── SUPPLIED RECORDS ──

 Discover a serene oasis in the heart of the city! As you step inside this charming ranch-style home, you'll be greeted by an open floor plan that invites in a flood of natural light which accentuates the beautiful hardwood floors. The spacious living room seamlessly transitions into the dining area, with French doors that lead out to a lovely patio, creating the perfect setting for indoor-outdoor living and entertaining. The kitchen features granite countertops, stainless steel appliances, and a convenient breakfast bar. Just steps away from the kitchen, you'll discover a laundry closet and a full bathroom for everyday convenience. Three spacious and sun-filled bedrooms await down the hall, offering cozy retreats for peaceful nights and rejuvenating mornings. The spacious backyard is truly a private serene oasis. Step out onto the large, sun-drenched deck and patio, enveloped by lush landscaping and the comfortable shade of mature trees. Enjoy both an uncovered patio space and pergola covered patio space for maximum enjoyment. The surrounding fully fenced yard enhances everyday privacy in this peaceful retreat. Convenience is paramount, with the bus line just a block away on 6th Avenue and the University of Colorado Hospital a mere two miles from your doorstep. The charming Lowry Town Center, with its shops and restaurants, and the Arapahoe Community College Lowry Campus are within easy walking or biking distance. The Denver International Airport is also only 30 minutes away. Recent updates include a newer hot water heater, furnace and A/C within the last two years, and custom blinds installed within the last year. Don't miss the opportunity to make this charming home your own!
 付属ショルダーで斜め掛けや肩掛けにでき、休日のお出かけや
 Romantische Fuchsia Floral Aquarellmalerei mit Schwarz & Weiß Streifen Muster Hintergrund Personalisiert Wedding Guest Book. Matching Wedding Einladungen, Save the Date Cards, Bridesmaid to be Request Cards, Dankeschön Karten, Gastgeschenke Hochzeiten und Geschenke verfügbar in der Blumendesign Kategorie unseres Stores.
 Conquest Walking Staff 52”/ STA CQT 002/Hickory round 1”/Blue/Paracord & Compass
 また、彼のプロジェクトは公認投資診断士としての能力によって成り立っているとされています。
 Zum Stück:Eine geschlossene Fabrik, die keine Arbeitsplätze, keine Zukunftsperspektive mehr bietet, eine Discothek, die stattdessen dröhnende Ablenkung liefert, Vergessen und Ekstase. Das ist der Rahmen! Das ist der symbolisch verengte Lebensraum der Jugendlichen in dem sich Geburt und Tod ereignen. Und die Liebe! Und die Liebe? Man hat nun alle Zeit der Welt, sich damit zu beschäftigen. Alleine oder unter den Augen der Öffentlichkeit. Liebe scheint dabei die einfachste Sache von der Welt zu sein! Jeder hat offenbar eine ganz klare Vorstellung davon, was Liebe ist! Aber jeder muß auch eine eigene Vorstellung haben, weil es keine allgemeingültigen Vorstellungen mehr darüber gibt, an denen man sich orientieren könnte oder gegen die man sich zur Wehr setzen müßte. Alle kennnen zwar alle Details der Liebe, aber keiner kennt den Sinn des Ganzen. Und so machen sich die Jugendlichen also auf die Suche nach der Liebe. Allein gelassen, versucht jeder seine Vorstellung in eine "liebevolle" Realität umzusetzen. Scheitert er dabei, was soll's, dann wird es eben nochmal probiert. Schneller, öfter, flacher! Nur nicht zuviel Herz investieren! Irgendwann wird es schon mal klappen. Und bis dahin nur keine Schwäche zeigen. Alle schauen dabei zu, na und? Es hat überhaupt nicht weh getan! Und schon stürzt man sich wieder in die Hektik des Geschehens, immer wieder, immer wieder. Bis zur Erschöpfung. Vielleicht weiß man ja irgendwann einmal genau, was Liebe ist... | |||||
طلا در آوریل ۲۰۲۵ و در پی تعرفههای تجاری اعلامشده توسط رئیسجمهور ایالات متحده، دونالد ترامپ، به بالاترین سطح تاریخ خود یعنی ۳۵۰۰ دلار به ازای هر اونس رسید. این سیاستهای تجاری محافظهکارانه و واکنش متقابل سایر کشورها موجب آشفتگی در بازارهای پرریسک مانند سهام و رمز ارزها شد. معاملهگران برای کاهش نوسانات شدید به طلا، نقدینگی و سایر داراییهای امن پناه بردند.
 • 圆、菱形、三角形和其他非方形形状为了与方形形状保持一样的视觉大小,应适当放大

───
── SUPPLIED RECORDS ──

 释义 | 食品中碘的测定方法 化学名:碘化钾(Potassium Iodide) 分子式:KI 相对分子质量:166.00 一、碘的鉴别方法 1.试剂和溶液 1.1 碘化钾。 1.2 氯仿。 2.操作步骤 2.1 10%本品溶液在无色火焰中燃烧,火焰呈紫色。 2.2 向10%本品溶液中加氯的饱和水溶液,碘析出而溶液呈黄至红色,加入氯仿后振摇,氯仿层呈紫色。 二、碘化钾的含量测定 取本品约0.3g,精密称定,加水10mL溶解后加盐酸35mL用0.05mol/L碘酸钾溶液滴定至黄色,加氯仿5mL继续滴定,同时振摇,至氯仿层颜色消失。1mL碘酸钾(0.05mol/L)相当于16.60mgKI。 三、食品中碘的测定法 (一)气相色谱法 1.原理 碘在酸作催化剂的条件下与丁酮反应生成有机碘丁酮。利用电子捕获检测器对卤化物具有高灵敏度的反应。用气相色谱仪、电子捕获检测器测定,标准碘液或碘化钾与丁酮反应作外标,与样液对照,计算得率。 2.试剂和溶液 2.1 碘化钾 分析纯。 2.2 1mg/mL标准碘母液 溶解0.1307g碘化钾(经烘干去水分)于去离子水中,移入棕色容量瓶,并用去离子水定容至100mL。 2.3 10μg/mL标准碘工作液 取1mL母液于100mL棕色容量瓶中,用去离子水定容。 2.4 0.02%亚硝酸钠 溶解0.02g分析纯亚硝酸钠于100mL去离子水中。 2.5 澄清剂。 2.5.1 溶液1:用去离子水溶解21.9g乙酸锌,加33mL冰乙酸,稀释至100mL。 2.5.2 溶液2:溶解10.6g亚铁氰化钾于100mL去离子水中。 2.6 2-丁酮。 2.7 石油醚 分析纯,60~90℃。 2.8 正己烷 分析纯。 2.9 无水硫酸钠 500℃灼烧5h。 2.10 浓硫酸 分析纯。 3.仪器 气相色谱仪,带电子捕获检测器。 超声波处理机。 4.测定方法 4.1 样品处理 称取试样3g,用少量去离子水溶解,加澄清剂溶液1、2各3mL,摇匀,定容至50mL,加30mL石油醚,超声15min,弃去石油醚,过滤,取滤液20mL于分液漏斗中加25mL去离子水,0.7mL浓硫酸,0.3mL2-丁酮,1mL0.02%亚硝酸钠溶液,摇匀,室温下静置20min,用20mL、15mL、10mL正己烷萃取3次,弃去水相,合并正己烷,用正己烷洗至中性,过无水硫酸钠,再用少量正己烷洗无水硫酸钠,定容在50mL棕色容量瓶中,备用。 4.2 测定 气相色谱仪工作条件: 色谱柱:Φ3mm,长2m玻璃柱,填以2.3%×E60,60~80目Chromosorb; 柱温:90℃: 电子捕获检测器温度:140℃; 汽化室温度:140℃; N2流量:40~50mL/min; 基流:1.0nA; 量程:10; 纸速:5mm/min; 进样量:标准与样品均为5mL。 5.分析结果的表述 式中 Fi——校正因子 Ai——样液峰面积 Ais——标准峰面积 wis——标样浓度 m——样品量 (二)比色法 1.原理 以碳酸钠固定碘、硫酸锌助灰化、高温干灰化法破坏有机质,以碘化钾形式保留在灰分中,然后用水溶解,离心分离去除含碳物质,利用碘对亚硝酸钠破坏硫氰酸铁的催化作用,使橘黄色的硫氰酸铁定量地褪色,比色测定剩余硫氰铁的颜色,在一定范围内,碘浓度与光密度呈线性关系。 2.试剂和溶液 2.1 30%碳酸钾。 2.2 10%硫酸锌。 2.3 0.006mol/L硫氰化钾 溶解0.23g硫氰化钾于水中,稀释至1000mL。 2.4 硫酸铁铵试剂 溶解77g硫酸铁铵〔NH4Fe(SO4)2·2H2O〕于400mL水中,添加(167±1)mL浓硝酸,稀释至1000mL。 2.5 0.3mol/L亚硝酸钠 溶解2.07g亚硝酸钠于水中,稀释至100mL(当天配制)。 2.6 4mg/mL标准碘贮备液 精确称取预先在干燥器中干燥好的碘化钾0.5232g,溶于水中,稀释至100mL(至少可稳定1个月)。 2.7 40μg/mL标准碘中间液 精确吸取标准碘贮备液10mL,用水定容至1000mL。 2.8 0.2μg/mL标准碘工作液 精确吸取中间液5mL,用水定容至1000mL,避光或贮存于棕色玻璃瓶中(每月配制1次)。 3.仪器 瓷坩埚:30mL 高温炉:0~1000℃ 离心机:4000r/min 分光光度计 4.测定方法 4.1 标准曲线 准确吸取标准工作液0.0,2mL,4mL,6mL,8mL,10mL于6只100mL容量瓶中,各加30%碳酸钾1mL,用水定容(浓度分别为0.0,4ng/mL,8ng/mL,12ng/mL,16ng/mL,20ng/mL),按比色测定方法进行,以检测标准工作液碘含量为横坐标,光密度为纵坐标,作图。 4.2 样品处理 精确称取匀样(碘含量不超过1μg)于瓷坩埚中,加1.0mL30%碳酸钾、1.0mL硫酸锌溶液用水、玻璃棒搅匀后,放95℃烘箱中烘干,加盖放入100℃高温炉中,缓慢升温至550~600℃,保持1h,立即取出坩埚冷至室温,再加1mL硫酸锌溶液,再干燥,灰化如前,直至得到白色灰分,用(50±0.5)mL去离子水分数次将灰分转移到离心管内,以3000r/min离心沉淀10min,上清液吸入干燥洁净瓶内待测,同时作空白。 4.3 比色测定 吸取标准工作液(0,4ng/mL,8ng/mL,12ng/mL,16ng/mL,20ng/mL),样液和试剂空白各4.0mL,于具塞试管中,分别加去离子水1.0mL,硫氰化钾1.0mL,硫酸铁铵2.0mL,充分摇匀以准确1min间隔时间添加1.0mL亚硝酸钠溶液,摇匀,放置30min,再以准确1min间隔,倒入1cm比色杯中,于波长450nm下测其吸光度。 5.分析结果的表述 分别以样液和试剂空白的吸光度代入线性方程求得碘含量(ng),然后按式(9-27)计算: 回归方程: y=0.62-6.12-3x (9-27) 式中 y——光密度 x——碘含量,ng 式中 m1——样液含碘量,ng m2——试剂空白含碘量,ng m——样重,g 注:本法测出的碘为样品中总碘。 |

───
── SUPPLIED RECORDS ──

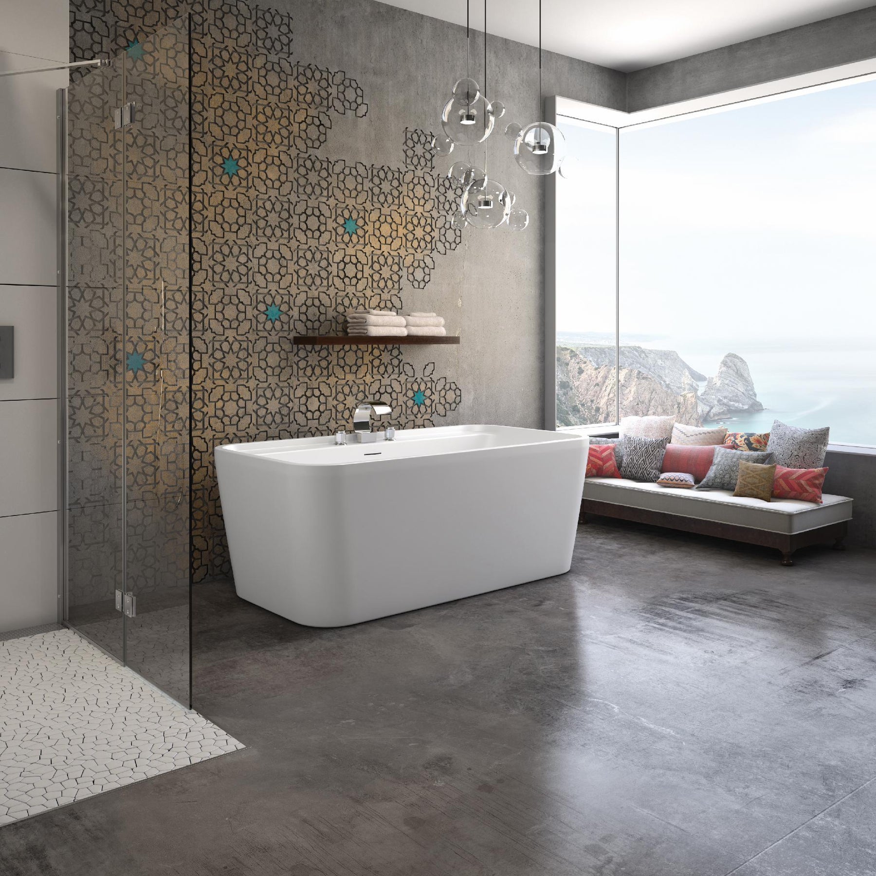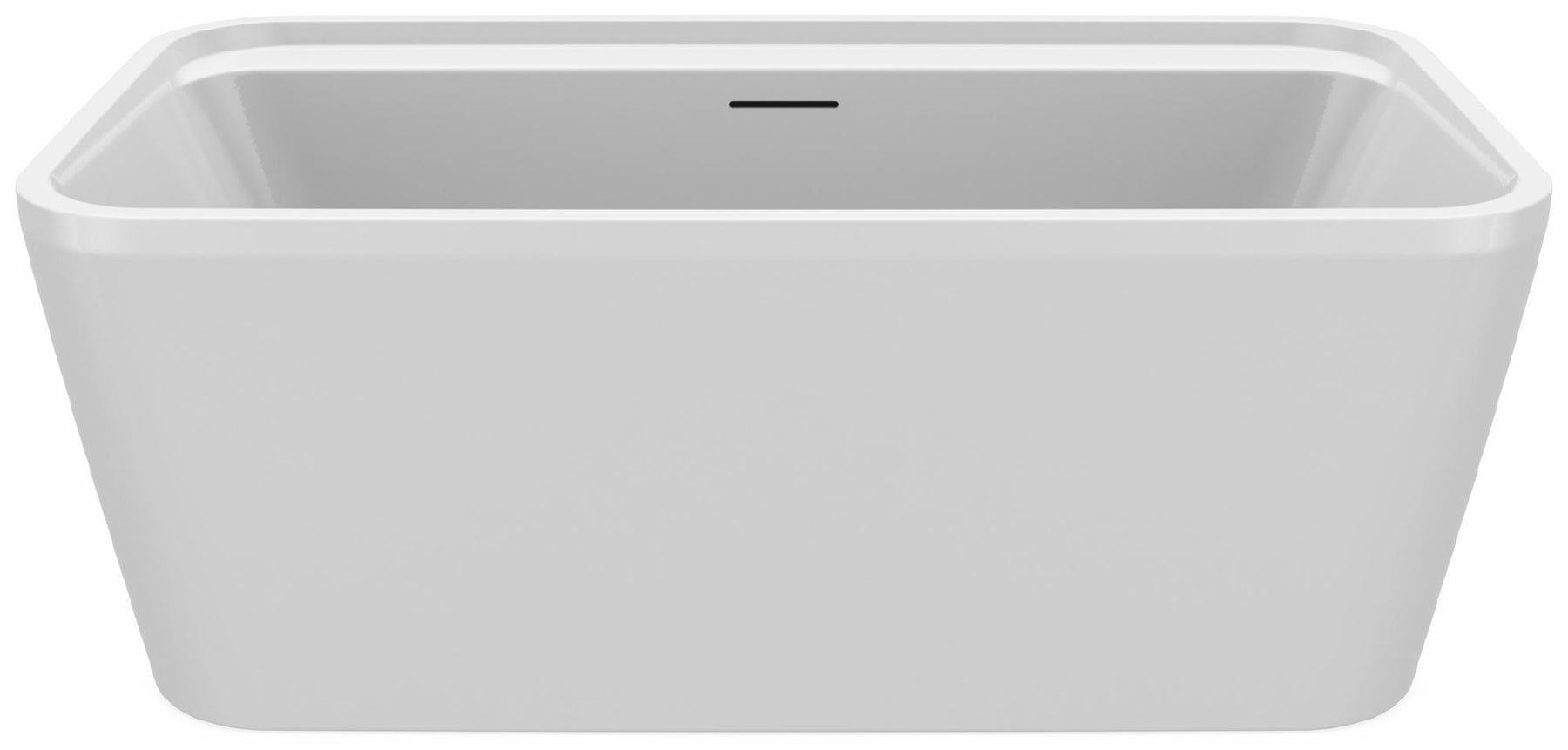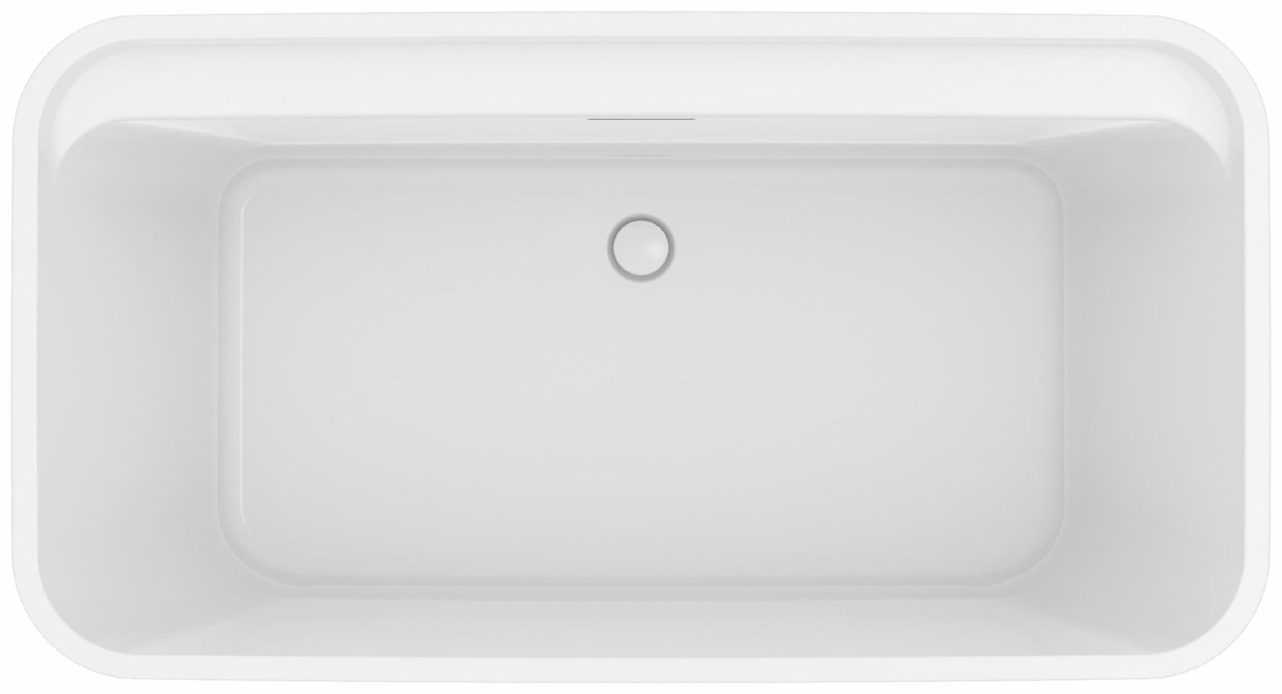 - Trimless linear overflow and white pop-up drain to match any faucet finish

───

Output only an exact transcription of the lines above from the one with "Romantische Fuchsia Floral" up to and including the one with "また、彼のプロジェクトは公認".

PROBLEM SOLUTION
 Romantische Fuchsia Floral Aquarellmalerei mit Schwarz & Weiß Streifen Muster Hintergrund Personalisiert Wedding Guest Book. Matching Wedding Einladungen, Save the Date Cards, Bridesmaid to be Request Cards, Dankeschön Karten, Gastgeschenke Hochzeiten und Geschenke verfügbar in der Blumendesign Kategorie unseres Stores.
 Conquest Walking Staff 52”/ STA CQT 002/Hickory round 1”/Blue/Paracord & Compass
 また、彼のプロジェクトは公認投資診断士としての能力によって成り立っているとされています。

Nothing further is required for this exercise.